How to correctly synchronize data between client applications?

L

Leonid Rozhnov2018-04-05 19:11:17

Database

Leonid Rozhnov, 2018-04-05 19:11:17

There is a server application, for performance and non-attachment to the presence of the Internet, clients have local copies with the amount of data necessary for the client to work. Clients work with these servers, all changes are written to local databases, after which, once every 5 minutes, they are synchronized through the RabbitMQ queue to the main server and receive revision changes from it.
Of the important details - one client can have several local servers at once, the data between them is synchronized through the main server. The revision of changes is implemented at the application level, when opening a transaction, we get a new revision for this transaction from the database, mark all changed entities with it, and save it in the database.
Some time ago, we noticed that the approach leads to data loss during the exchange, if the amount of data coming in synchronization packets varies greatly (several thousand changes come from the local server A, which has sat without the Internet, and a few from server B).
At the same time, since we start importing from server A earlier - its changes are marked with a revision that is smaller than the data from server B, but since the import takes longer and the commit occurs much later - the revision issued to server B has already gone to the local servers and they believe that already know server A's changes, even though they are only being committed to the database.
We solved the problem in a simple way, by introducing pessimistic large-block locks, leading to the fact that only one thread can edit intersecting data.
And it seems like we lived with it until clients from 50-60 local servers began to appear, data from which we do not have time to import. Yes, now we have accelerated them in some way, added caching and temporarily solved the problem, and there is still room for improvement in the current solution (switch to more optimistic locks, for example).

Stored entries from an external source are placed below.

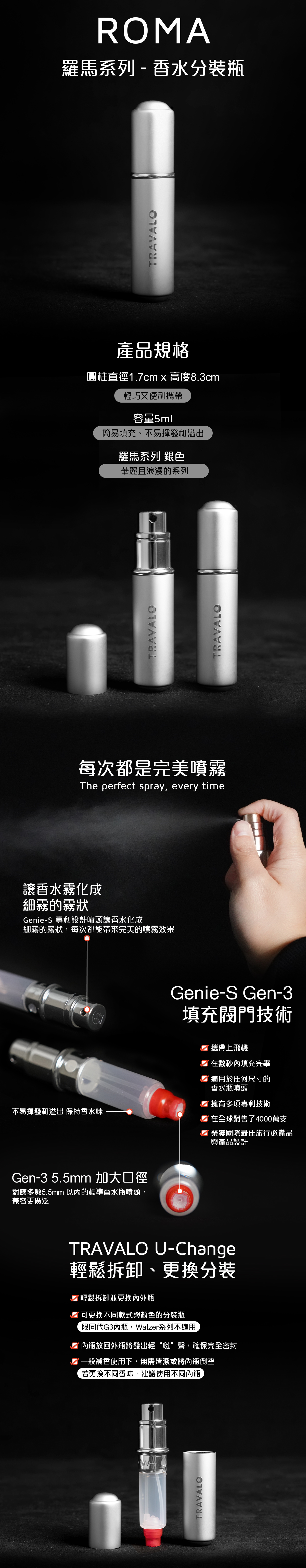 Travalo 能短時間內將香水從原裝瓶中轉移到完全密封防漏的噴霧器中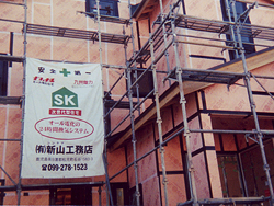 | 断熱がないと、暖かい室内から寒い屋外へ温度が逃げていきます。夏場の場合は逆に、涼しいエアコンの前から、暑い屋外へ・・・。断熱しない場合だと、約8割の熱が逃げていくと言われています。この熱移動を阻止するのが断熱材です。しかしながら、柱と柱の間にグラスウール等の断熱材を挟み込む内断熱工法では、外壁との間に壁内結露が生じる恐れがあります。これは木材の腐れやシロアリ発生の大きな要因となります。 当社では、柱の外側からフェノールフォーム系の断熱材で包み込む外断熱工法を採用しています。この方法だと、床下まで常に乾燥した状態を保てます。更にこの断熱材は、万が一の火災の際にも有毒ガスを発生せず、環境にも安全です。 |
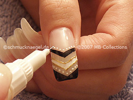 Zeichnen Sie jetzt mit dem Nailart Liner in der Farbe gold-glitter eine Linie entlang der Kanten des weißen Nagellackes.

But, they began to wonder, perhaps our approach is fundamentally wrong and we are making crutches when there is a more or less standard solution for this problem?
In general, we found a solution at the database level, which would seem to suit us and allow us not to completely rewrite our data exchange mechanism ( https://docs.microsoft.com/en-us/sql/relational-da...But the problem is that in the next year we plan to switch from MS SQL (yes, because of the cost of licenses), and we would not want to get hung up on its specifics. For now, we are planning to switch to PostgreSQL, but in general we are ready to think about other alternatives if they would allow us to solve this (and others naturally) problem easier. Perhaps you can recommend articles/books on this topic, or has someone encountered such problems and can describe in which direction we should think?

Reply

Answer the question

In order to leave comments, you need to log in

2 answer(s)

D

Dmitry Entelis, 2018-04-05
@DmitriyEntelis

From the description, it turns out that versioning goes at the level of the entire database, and not specific objects?
If it's not a secret, what kind of data?
About "thousands of pieces" - is this a metaphor, or is the flow of records really small?
And how do you resolve (plan to resolve) overwriting data in this architecture, even without taking into account technical problems?
Or is the data such that clients cannot overwrite it?
Then I would still look in the direction of introducing versioning for specific objects, although this is tempting to "rewrite the whole thing"

X

xmoonlight, 2018-04-06
@xmoonlight

If you have synchronization on the client, then you should distinguish between working with the database and modifying the database:
1. Working is SELECT.
2. Modification is everything else.
When modifying: read the logical "difference" between the current and modified local database and store in a pending modifying query stack (to be run on the central database after submission).
Example: A record was added and immediately deleted - the "difference" of meaningful data is zero. There are no changes in modifying queries.
After the appearance of the network (or by timeout) - send all modifying requests to the central database server for their subsequent launch there.
Before modifying the next data, check immediately for conflicts between all clients (incoming stacks). In case of conflict - take the stack of the latest (new timestamp) client with the modification of this data.
That is, you need to build a system for parsing synchronization requests from clients on the server with the search for intersections and building the correct queue for their execution in the correct order.